Poverty checked the economic development of Virginia in two major ways. First, poverty destroyed the hope and opportunity which Virginians believed provided the ultimate key to colonial development. Second, poverty meant insufficient capital and time to search out and develop alternative staples. 46 Every cause given for the lack of diversification and overproduction of tobacco was equally a cause of poverty, although the poverty argument normally identified the ultimate source in external forces. 47 Perhaps the most egregious and direct link with poverty was the vicious “debt cycle” quite familiar to contemporaries and historians of the postbellum South. Planters complained that merchants took advantage of the planters by selling them clothes and provisions (and less useful commodities) at excessive rates while paying low rates for tobacco, placing the planters in debt almost to the value of the next crop. Necessity forced planters to continue planting tobacco which kept them in perpetual debt and “continual slavery.” 48 Planters who attempted to avoid the problems of tobacco by transplanting a more traditional English agriculture soon failed and found themselves forced to turn to tobacco for survival. 49

Before Virginia could achieve its promise, the colony first had to escape poverty. So the colonists pushed for Crown policies‑-like allowing free exportation into non-English ports and the prohibition of domestic tobacco production in England‑-that would drive tobacco prices upward. Higher tobacco prices would provide the poor planters with both the hope (escape from poverty) and means (especially capital) necessary “to sett up those staple commodities which require a longe expectation of proffitt.” 50 Cessation, stinting, or other physical restrictions on tobacco production as the methods for raising tobacco prices were further recommended as providing the requisite time along with the capital to search out and develop such projects. 51

Maximizers All!

Despite the widely variant contemporaneous interpretations of Virginia’s problems, interestingly enough commentators could agree on one thing: that tobacco planters were quite industrious when it came to producing tobacco. Indeed one might say that practically every discussion about tobacco coming out of seventeenth-century Virginia was premised on the assertion that Virginians maximized tobacco production.

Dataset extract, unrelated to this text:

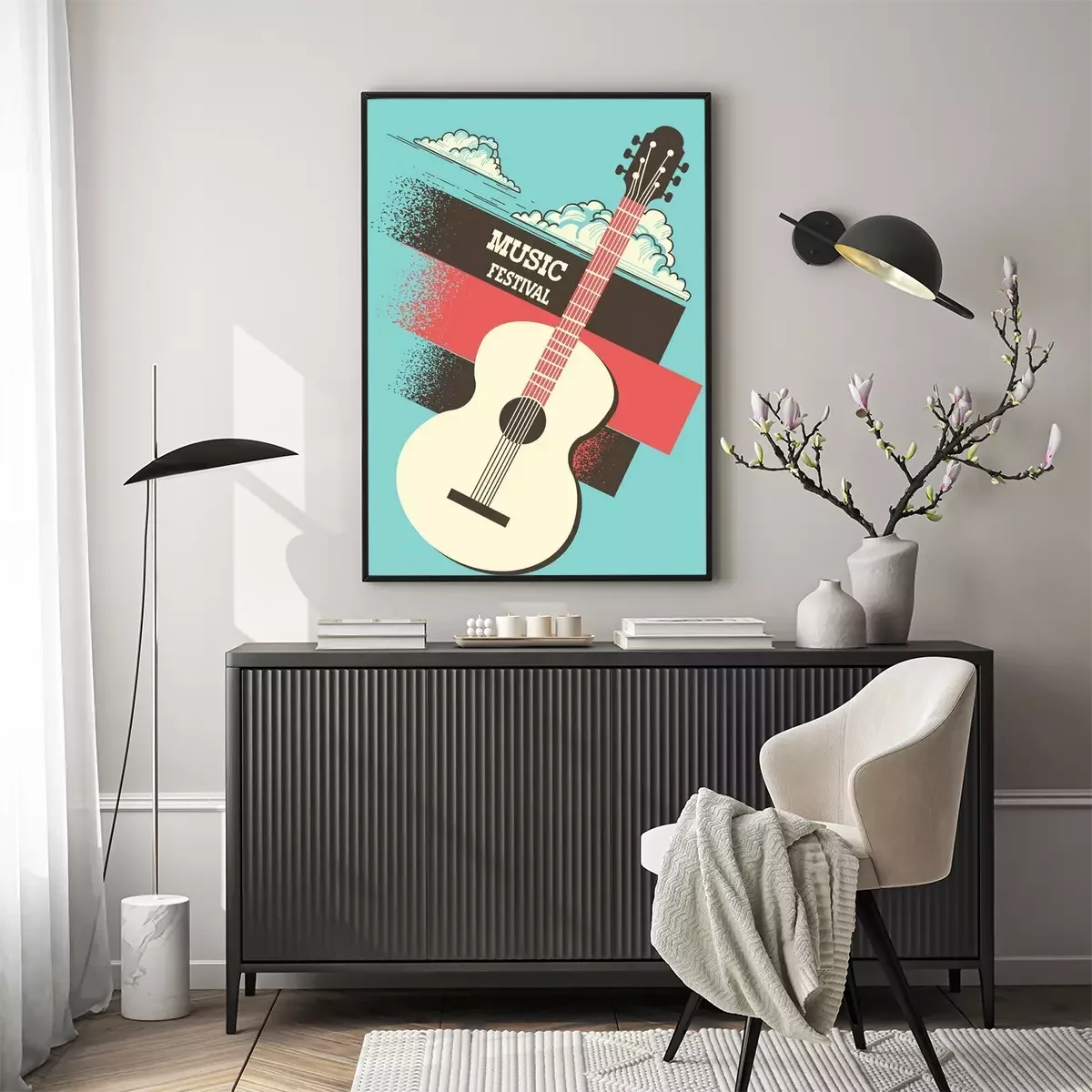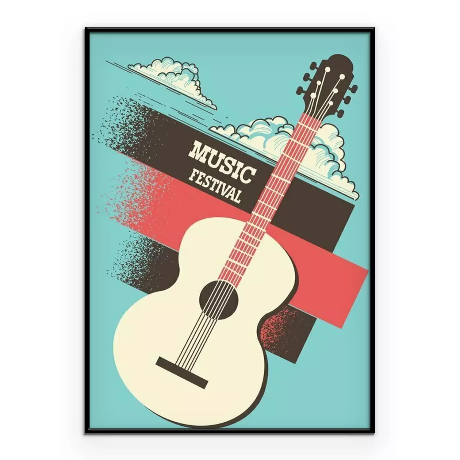 Poster  Poster musique avec guitare acoustique et décoration rétro

This is quite obvious for the defenders of Virginia who stressed over and over how industrious Virginians were at the same time they lamented that Virginians had no other outlet for that industry except tobacco. Furthermore, with tobacco prices as low as they were, Virginians were forced to produce as much tobacco as they could simply in order to survive. In their justification for stinting or cessation of tobacco, Virginians also suggested that planters literally had no free time to experiment with or cultive alternative staples, so tied up were they with growing tobacco.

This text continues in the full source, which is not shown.